INFORMATION SHOWN >>
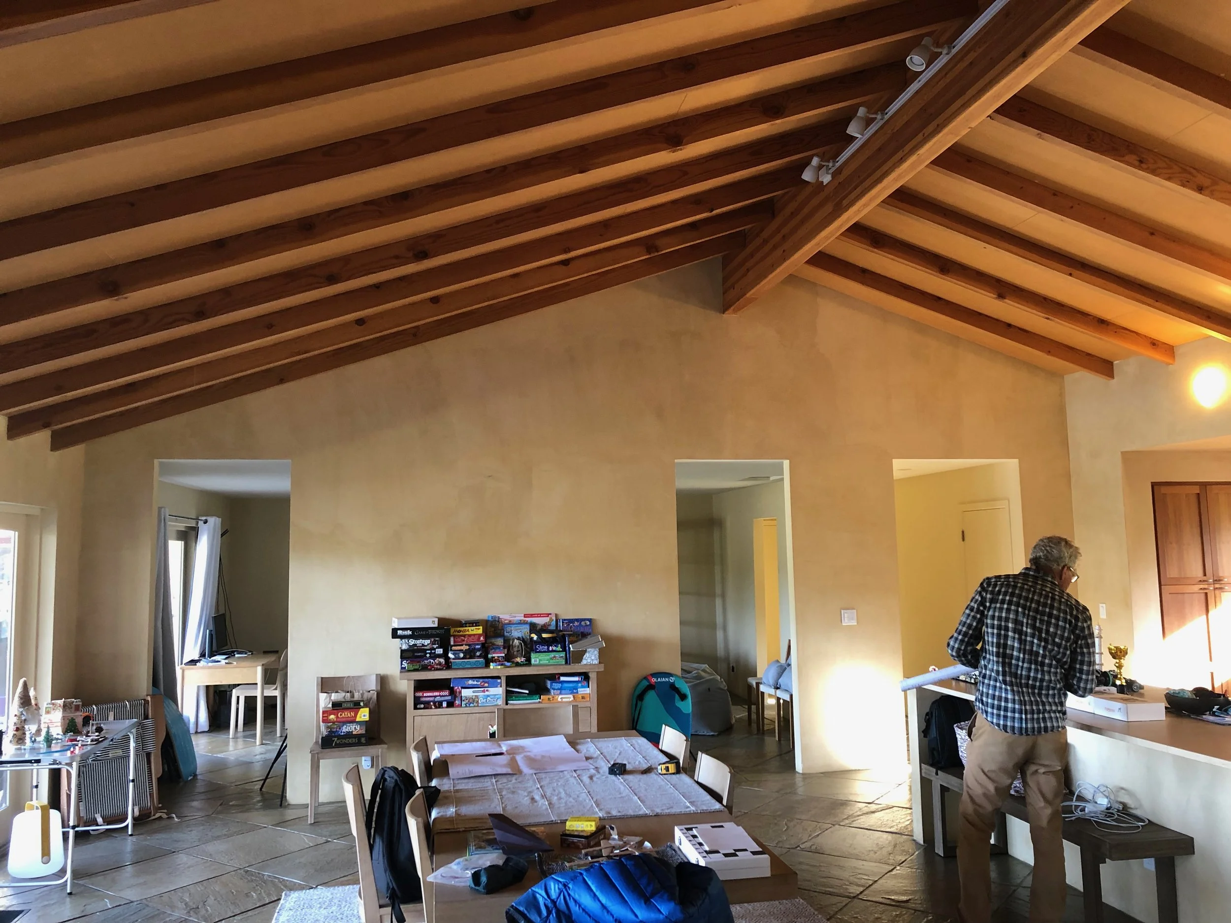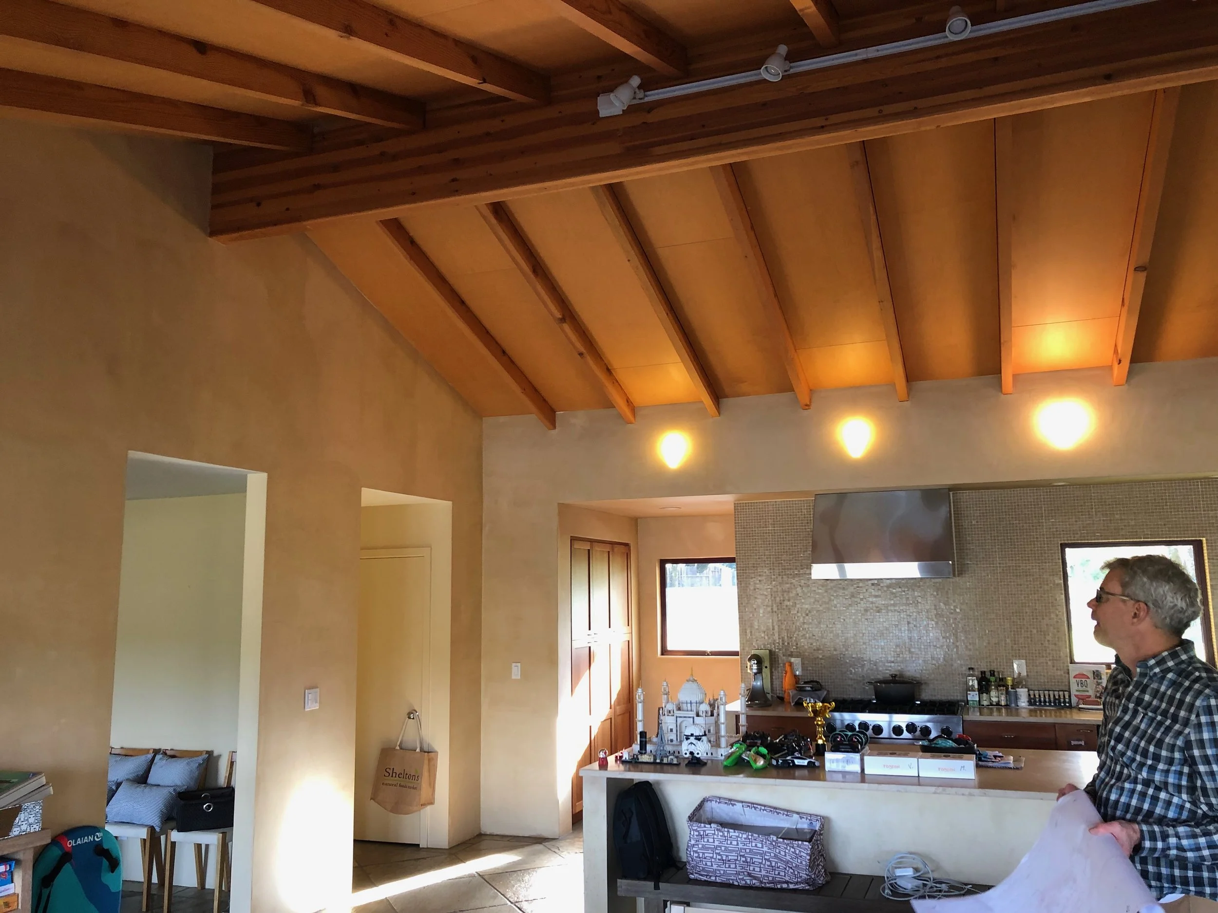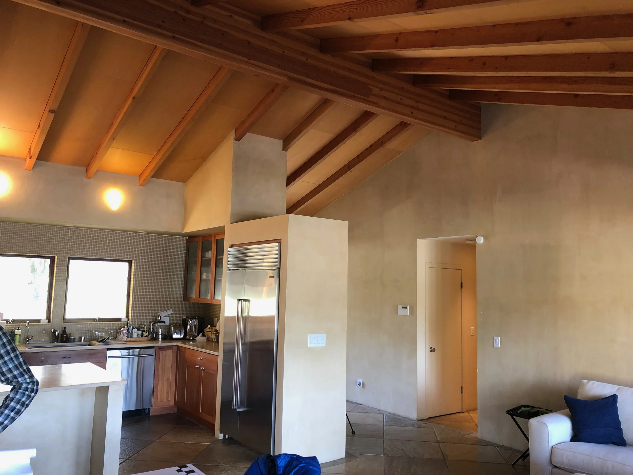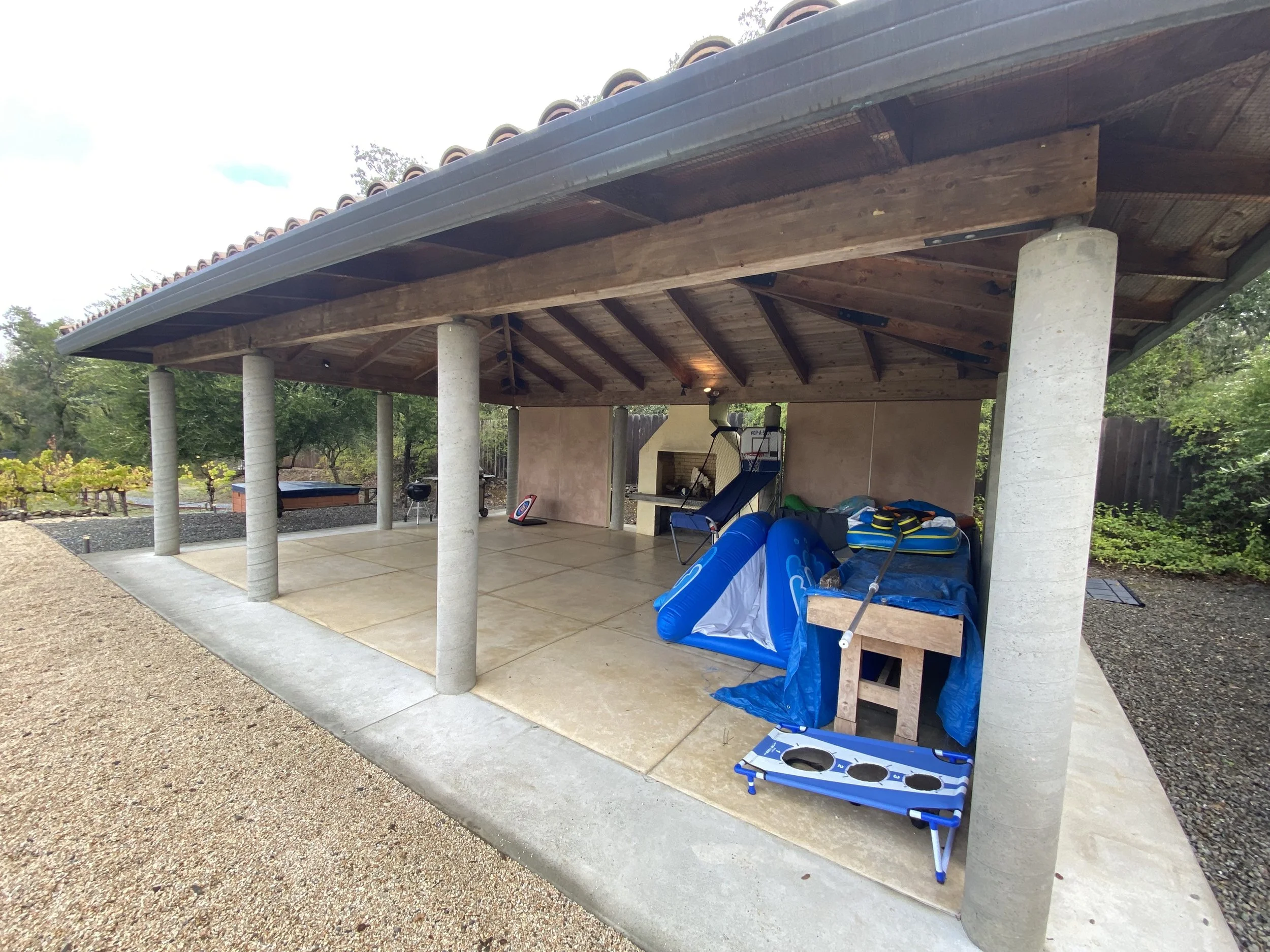 On the exterior, the overhang of the roof was cut back at the rear to open up views, immediately transforming the feel of the formerly dark, boxed-in rooms. A sleek new metal roof was installed, and bulky concrete posts were removed from the back deck and replaced with a mechanized louver system that opens and closes to adjust shading. The pool cabana was transformed from an open shed to a building enclosed on three sides with a new bathroom/changing room volume, pizza oven, and outdoor kitchen, with fully closing automated insect screens, which also provided additional shading. The landscape was completely redone, including poured concrete pavers connecting the buildings with the pool and a new in-ground spa that completed the transformation, bringing new life to the built environment of this extraordinary site.
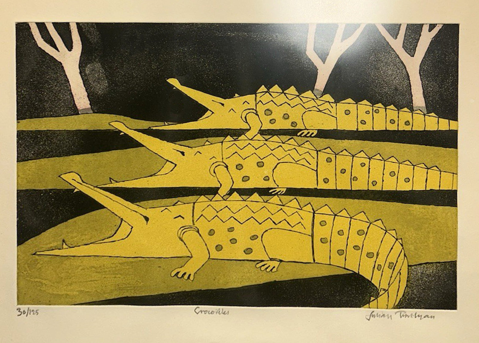 Full condition report to follow, with adequate margins, paper probably trimmed slightly. With few sales records and rarely seen, this is a wonderful rare and beautifully coloured Julian Trevelyan etching depicting a whimsical family of crocs.
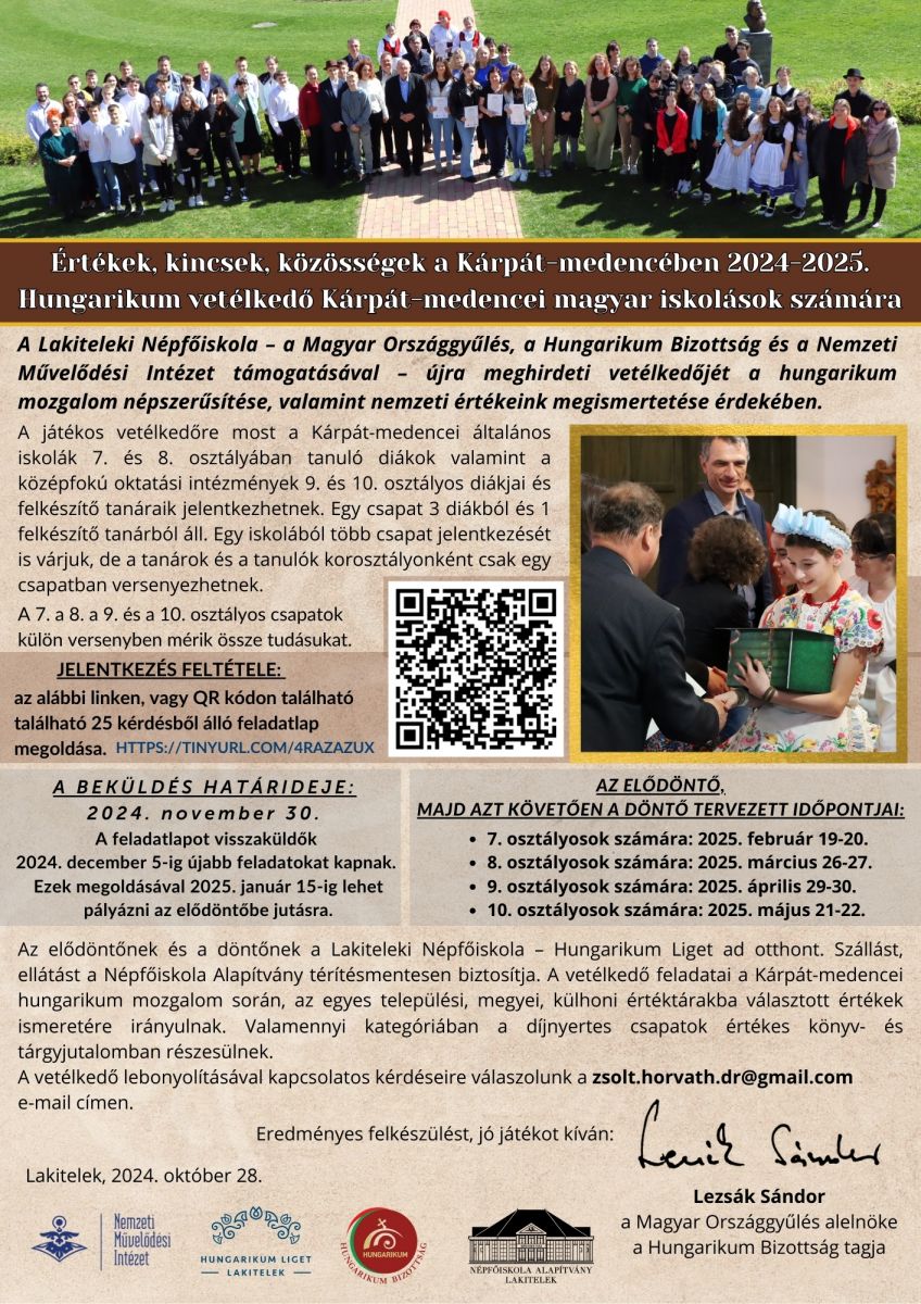 A Lakiteleki Népfőiskola – a Magyar Országgyűlés, a Hungarikum Bizottság és a Nemzeti Művelődési Intézet támogatásával – újra meghirdeti vetélkedőjét a hungarikum mozgalom népszerűsítése, valamint nemzeti értékeink megismertetése érdekében.

AIM OF THE TASK >>
The line containing "Full condition report" marks the start: set down exactly that line and every line after it through the last line of the data, without any pictures.

TASK RESPONSE >>
 Full condition report to follow, with adequate margins, paper probably trimmed slightly. With few sales records and rarely seen, this is a wonderful rare and beautifully coloured Julian Trevelyan etching depicting a whimsical family of crocs.
 A Lakiteleki Népfőiskola – a Magyar Országgyűlés, a Hungarikum Bizottság és a Nemzeti Művelődési Intézet támogatásával – újra meghirdeti vetélkedőjét a hungarikum mozgalom népszerűsítése, valamint nemzeti értékeink megismertetése érdekében.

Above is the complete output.